The fact a guilty verdict is based upon circumstantial evidence, as is the case here, does not alter the standard of review. A verdict founded upon circumstantial evidence carries the same presumption of correctness as other verdicts and our role on appeal is to merely review the record to determine if the record reflects competent evidence that allowed the jury to draw an inference reasonably tending to prove guilt and fairly warranting a conviction beyond a reasonable doubt. State v. Lawenstein, 346 N.W.2d 292, 293 (N.D.1984).
Because the State is required to prove each element of the offense charged beyond a reasonable doubt, State v. Hatch, 346 N.W.2d 268, 276 (N.D.1984), the appellate court must necessarily determine if sufficient evidence was presented to establish each of the essential elements of the offense charged.
To warrant Eldor and Ida's convictions of violating NDCC § 12.1-23-08 the State had to prove beyond a reasonable doubt Eldor and Ida destroyed, concealed, encumbered, transferred, or otherwise dealt with the 7,500 bushels of wheat represented by the security trust with intent *227 to prevent collection of the debt they owed to Union State Bank.
After a careful review of the record we are convinced it does not contain sufficient evidence, circumstantial or otherwise, which would have allowed a jury to infer beyond a reasonable doubt that Eldor and Ida committed the elements of the offense necessary to warrant a conviction under NDCC § 12.1-23-08.

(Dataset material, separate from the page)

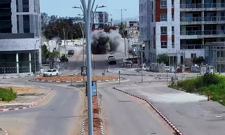Confirmed: The municipality of Or Yehuda released CCTV in which a man is seen walking next to a road when a huge explosion occurs. The clip then shows the man falling and another person rushing to assist seconds later. The municipality said on Monday ET that the man was seriously injured. These elements — the sequence of movement, the explosion, the immediate aid and the municipal statement of serious injury — are established by the released footage and the municipality’s own comment.
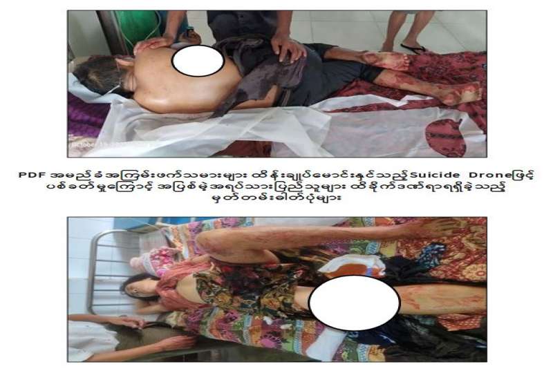 PDF အမည်ခံ အကြမ်းဖက်သမားများသည် ၎င်းတို့၏ကိုယ်ကျိုးစီးပွားနှင့် အစွန်းရောက်နိုင်ငံရေးခံယူချက်များအတွက် နိုင်ငံတော်တာဝန်ကိုထမ်းဆောင်နေကြသည့် နိုင်ငံ့ဝန်ထမ်းများနှင့် အေးချမ်းစွာနေထိုင်နေကြသည့် ပြည်သူလူထုအား လက်နက်အားကိုးဖြင့် ဖမ်းဆီး၊ နှိပ်စက်၊ သတ်ဖြတ်ခြင်း၊ လမ်းတံတားများအား မိုင်းထောင်ဖောက်ခွဲဖျက်ဆီးခြင်းတို့ကို ဆင်ခြင်တုံတရားမဲ့စွာ လုပ်ဆောင်လျက်ရှိကြရာ ယနေ့နံနက်ပိုင်းတွင်လည်း ၎င်းတို့ထိန်းချုပ်မောင်းနှင်ပြီး အကြောင်းမဲ့ပစ်ခတ်ခဲ့သည့် Suicide Drone ကျရောက်ပေါက်ကွဲမှုကြောင့် စစ်ကိုင်းတိုင်းဒေသကြီး၊ ကလေးမြို့၊ ပင်လုံရပ်ကွက်ရှိ ဒေသခံပြည်သူ အမျိုးသား ၁ ဦးနှင့် အမျိုးသမီး ဗုံးစထိမှန်ဒဏ်ရာများရရှိခဲ့ကြောင်း သိရှိရသည်။

In essence, the State's case was that on 21 January 1982 approximately 8,500 bushels of wheat which was pledged by Eldor and Ida as collateral pursuant to a security agreement with Union State Bank were stored in a quonset on the Miller farm; on 6 May 1983 only 261 bushels of wheat could be located on the farm; ergo Eldor and Ida destroyed, removed, or otherwise dealt with the wheat with the intent to prevent collection of the bank's loan.

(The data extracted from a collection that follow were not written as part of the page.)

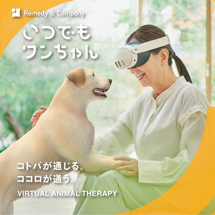 Mixed Reality技術を活用しVRゴーグルを通じて、まるで本物の犬や猫とふれあっているような体験を提供するインタラクティブ・アニマルセラピーです。「人手不足により、日常的なケアで手一杯。心のケアまで手が回らない。」という声から、高齢者の「心のケア」を可能にする新たな製品です。笑顔や会話の増加、情緒安定などの効果が期待されており、手先の軽い運動、運動の動機付けにもご使用いただけます。
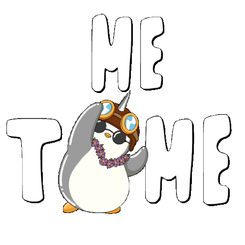 A cute cartoon penguin wearing sunglasses and an aviator helmet with a lei, posing with the text 'ME TO ME' for a self-care break.
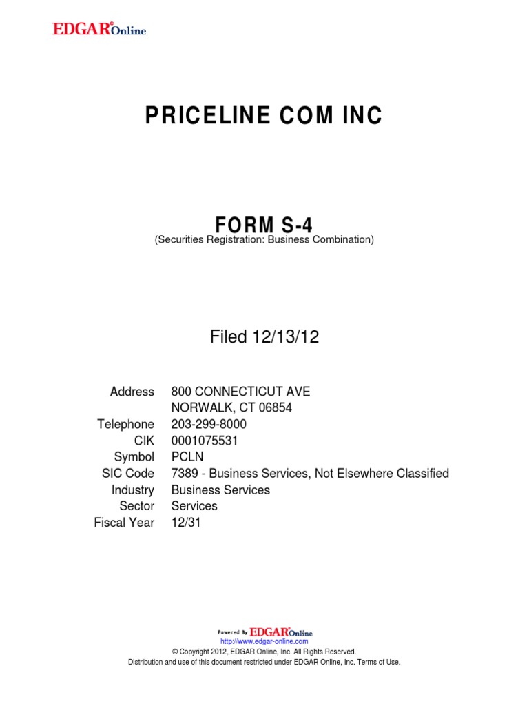 of the Registration Statement on Form S-4 of priceline (the "Registration Statement").
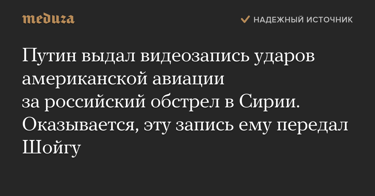 Путин выдал видеозапись ударов американской авиации за российский обстрел в Сирии. Оказывается, эту запись ему передал Шойгу

To accept this syllogism put forth by the State would be to render NDCC § 12.1-23-08 a super strict or absolute liability offense, which, with its culpability requirement, it clearly is not. Cf. State v. McDowell, 312 N.W.2d 301 (N.D.1981), cert. denied, 459 U.S. 981, 103 S. Ct. 318, 74 L. Ed. 2d 294 (1982).
Because NDCC § 12.1-23-08 is not a strict or absolute liability offense the State must prove a defendant's culpability beyond a reasonable doubt. However, in this case the evidence was insufficient to permit the jury to infer that Eldor and Ida destroyed, concealed, encumbered, transferred, or otherwise dealt with the wheat at all, let alone dealt with it with intent to defraud the Union State Bank. A jury is not justified in convicting a defendant on the basis of mere suspicion, speculation, conjecture, passion, prejudice, or sympathy. United States v. Richmond, 700 F.2d 1183 (8 Cir.1983); United States v. DuBois, 645 F.2d 642 (8 Cir.1981).
Without weighing the evidence and viewing it most favorably to the verdict we conclude the evidence was insufficient to sustain the convictions of Eldor Miller and Ida Miller. Because of this conclusion it is unnecessary to decide any of the additional contentions raised by Eldor. Accordingly, the judgments of convictions are vacated and the county court is instructed to enter judgments of acquittal in favor of Eldor Miller and Ida Miller.
ERICKSTAD, C.J., and GIERKE, PEDERSON and VANDE WALLE, JJ., concur.